Azure Data Factory Connector 2.0.0.1
Prerequisites
- Version 9.2.9 or later
- Connection component 1.0.0.3 or later. Note that the Connections component will be installed or updated automatically if necessary when you install this extension.
- Azure Connections Extension (automatically installed by Catalog)
- Privileges Required to Use Azure Connections
- Privileges Required to Use the Azure Data Factory Connector
Installation
To install the Azure Data Factory Connector and create a connection to Azure AD:
-
Locate the Azure DataFactory component in the Catalog, select version 2.0.0.0, and install it.
-
Create an Azure AD Connection.
Note: The Process Server for the connector must have the ServiceForRedwood_DataFactory Process Server service.
-
To use the connector, you must first create an app registration with a service principle in Azure Active Directory (see https://docs.microsoft.com/en-gb/azure/active-directory/develop/howto-create-service-principal-portal#register-an-application-with-azure-ad-and-create-a-service-principal). This client application must be assigned the Data Factory Contributor permission. Make note of the following settings from the Data Factory:
- Resource Group Name
- Factory Name
Contents of the Component
Object Type | Name |
---|---|
Application | GLOBAL.Redwood.REDWOOD.DataFactory |
Process Definition | REDWOOD.Redwood_DataFactory_ImportJobTemplate |
Process Definition | REDWOOD.Redwood_DataFactory_ShowPipelines |
Process Definition | REDWOOD.Redwood_DataFactory_RunPipeline |
Process Definition | REDWOOD.Redwood_DataFactory_Template |
Library | REDWOOD.DataFactory |
Process Server Service | REDWOOD.ServiceForRedwood_DataFactory |
Running Data Factory Processes
The Resource Group name is defined on the Azure Subscription.

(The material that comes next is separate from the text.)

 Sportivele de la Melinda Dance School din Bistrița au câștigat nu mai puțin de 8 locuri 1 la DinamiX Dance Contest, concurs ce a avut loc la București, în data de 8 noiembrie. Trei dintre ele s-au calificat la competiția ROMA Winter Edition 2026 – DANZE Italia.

Finding Data Factory Pipelines
To retrieve the list of pipelines available for scheduling got to the Redwood_DataFactory application, navigate to Applications > Redwood_DataFactory > DataFactory_ShowPipelines and submit it.

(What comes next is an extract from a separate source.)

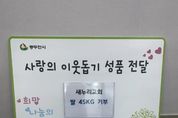 이런뉴스(e-runnews) 김삼성 기자 | 동두천시 불현동 새누리교회는 11월 3일 불현동 행정복지센터에 백미 45kg을 전달했다고 밝혔다. 새누리교회는 불현동에 위치한 개신교 교단으로, 매년 나눔을 실천하며 지역사회에 따뜻한 온정을 나누고 있다. 민경엽 담임목사는 “지역의 소외된 이웃들이 추운 겨울 따뜻한 연말을 보낼 수 있길 바란다”며 “작은 정성이지만 도움이 됐으면 좋겠다”라고 전했다. 김영미 불현동장은 “지역사회를 위해 꾸준히 나눔을 실천해 주신 데 감사드리며, 후원해 주신 백미는 도움이 필요한 취약계층에 소중히 전달하겠다”라고 말했다.

Select a Connection, the Resource Group Name and the Factory Name you want to list the pipelines from. You can filter the list by adding a Process Name filter.
Once the process has finished, choose stdout.log
, and you will see the output as follows:
Here you can find the value later used as pipeline name, the first element straight after the index.
Schedule a Data Factory Pipeline
In the Redwood_DataFactory application choose DataFactory_RunPipeline and submit it
Again, specify the Subscription ID, the Resource Group Name and the Factory Name you want to run the pipelines from, as well as the name of the pipeline to execute.
Import Pipelines as Process Definitions
Submit DataFactory_ImportJobTemplate to import a pipeline as a Process Definition.
Here the pipeline name can be used to only import a selection of pipelines. Also, the Overwrite flag can be set to specify that existing definitions can be overwritten. On the Target tab it allows you to specify a target Partition, Application and prefix for the generated definition:
Troubleshooting
In the Control step of the Submit Wizard, where you select the Queue, you can add additional logging to stdout.log
by selecting debug in the Out Log and Error Log fields on the Advanced Options tab.